The bus rode for a long time, and now direction made no difference to her; she did not care. From the beginning the wedding had been queer like the card games in the kitchen the first week last June. In those bridge games they played and played for many days, but nobody ever drew a good hand, the cards were all sorry, and no high bids made—undl finally Berenice suspicioned, saying: "Less us get busy and count these old cards." And they got busy and counted the old cards, and it turned out the jacks and the queens were missing. John Henry at last admitted that he had cut out the jacks and then the queens to keep them company and, after hiding the clipped scraps in the stove, had secretly taken the pictures home. So the fault of the card game was discovered. But how could the failure of the wedding be explained?

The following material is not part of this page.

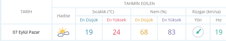 7 Eylül 2025 Pazar günü Meteoroloji Genel Müdürlüğü’nden alınan bilgilere göre bugün Zonguldak'ta hava durumu parçalı bulutlu olacak.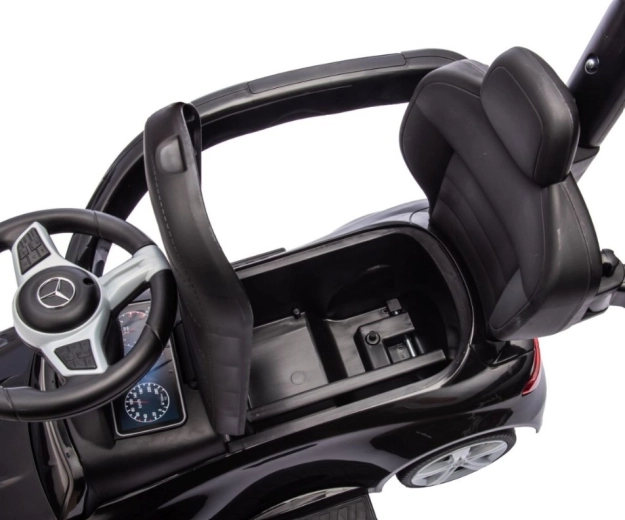 Stylové dětské odrážedlo MERCEDES C‑Class v elegantní černé barvě přináší realistický vzhled, bezpečnou jízdu a pohodlí pro malé řidiče. Díky vodicí rukojeti, bočním zábranám, výklopným stupačkám a úložnému prostoru pod sedadlem je ideální pro první výlety i domácí hraní, a zároveň podporuje rozvoj motoriky a koordinace.

The wedding was all wrong, although she could not point out single faults. The house was a neat brick house out near the limits of the small, baked town, and when she first put foot inside, it was as though her eyeballs had been slightly stirred; there were mixed impressions of pink roses, the smell of floor wax, mints and nuts in silver trays. Everybody was lovely to her. Mrs. Williams wore a lace dress, and she asked F. Jasmine two times what grade she was in at school. But she asked, also, if she would like to play out on the swing before the wedding, in the tone grown people use when speaking to a child. Mr. Williams was nice to her, too. He was a sallow man with folds in his cheeks and the skin beneath his eyes was the grain and color of an old apple core. Mr. Williams also asked her what grade she was in at school; in fact, that was the main question asked her at the wedding.